I often sit with my mom and flip through binders of family history. We read a letter sent from my great-aunt in the 1950s while she worked as a physician in Saudi Arabia. We read the letter my grandfather wrote to his wife when the bomb dropped on Hiroshima and his work was no longer a secret. We saw an advertisement for a performance by my grandmother and her two sisters, all Julliard-trained pianists. We saw a lovely photograph of my grandmother, paired with a long write-up announcing her engagement. Along with all the details of her family and future husband, there was reference to her involvement in an organization: Daughters of The American Revolution.
As of today, I too am a member.
For a decade after my grandmother passed, my parents received hundreds of forwarded solicitations. She had donated to veterans, animals, starving children, the Catholic church, and more. Even on a limited income, they was always enough to provide for the less fortunate.
Fifty years before she would meet me, she was dedicating her time and resources to the community of Rochester, New York. She volunteered at local events, promoting American history, civics, and patriotism. I didn’t know that until recently. I’m excited to have the opportunity to follow in her footsteps.
At a time in history where the basic understanding of civics has fallen out of the sphere of common knowledge, I long for an opportunity to expose citizens to gift of our Constitution.
At a time in history where division is at an all-time high, I want to draw attention to our shared history and shared hopes for the future.
At a time in history where some citizens view the American flag as a symbol of hated, I want to help reignite patriotism.
I’m just a single individual.
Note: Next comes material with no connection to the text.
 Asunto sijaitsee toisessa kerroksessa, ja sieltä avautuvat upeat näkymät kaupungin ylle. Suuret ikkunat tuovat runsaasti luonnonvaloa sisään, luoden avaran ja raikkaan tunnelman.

I’m not going to change the world and I know that. What do I hope for in joining DAR? I’m hoping to connect with others who love American history and are proud of where we have been and what we, as a country, have overcome. I am hoping the outreach programs will provide the opportunity to connect with just one person willing to listen and learn. I’m hoping I can help shape even just one more proud American.
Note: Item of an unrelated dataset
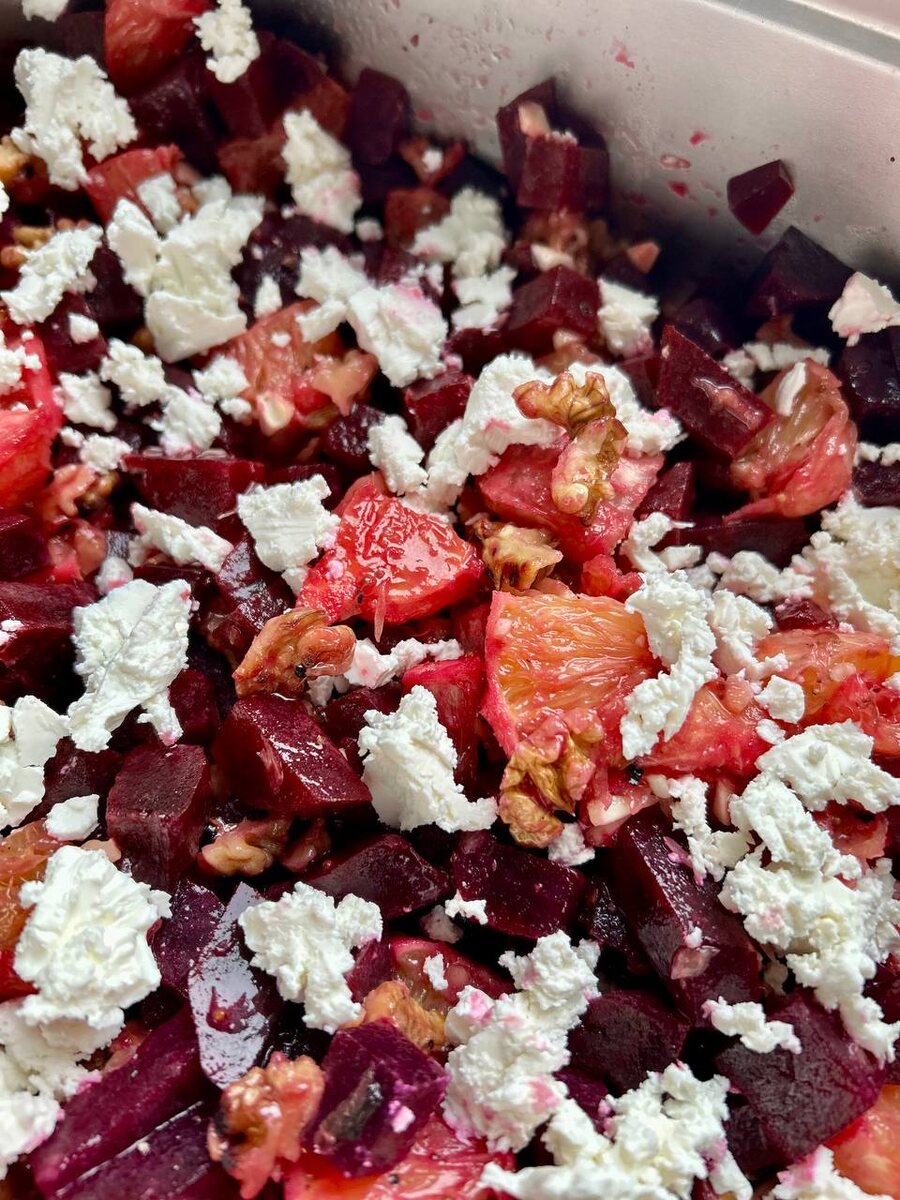 Представляем вашему вниманию изысканный и легкий салат, сочетающий в себе свеклу, апельсин, фету и грецкие орехи. Это идеальное блюдо для теплого времени года, которое можно быстро приготовить в двух вариантах: на гриле и без. Подходящий как для уютного ужина, так и для праздничного стола.

In a 1787 letter to William Stephens Smith, the son-in-law of John Adams, Thomas Jefferson wrote, “The tree of liberty must be refreshed from time to time with the blood of patriots and tyrants.” While I don’t expect the sentiment to be taken literally in this day and age, the line does give pause.
We are the descendants of rebel patriots. It’s our duty and our God-given right to engage in civil discourse, to prevent the bastardization of our history, and to uphold the Constitution. Our ancestors give up their lives, livelihoods, and creature comforts to reject and overthrow an unjust monarchical colonial rule. I think it’s fair to say our current American kleptocracy is no better than the far-reaching tentacles of the British crown.
This is not a call to arms, but rather an invitation to raise your voice. In a world lacking knowledge of basic history and devoid of a willingness to engage in critical conversation, we need to squash that ignorance before it escalates into a situation that would require violence. It is the least, and yet most important, thing we can do.
I was warned before joining that members of the organization–a group of primarily elderly women that sew quits for veterans and teach children about American history–are put on FBI watch lists. At this point, I am convinced that if I am not on some damn extremist watch list, I am not being a good enough citizen.
We are the descendants of rebel patriots, and I hope that future generations can say that say thing about us.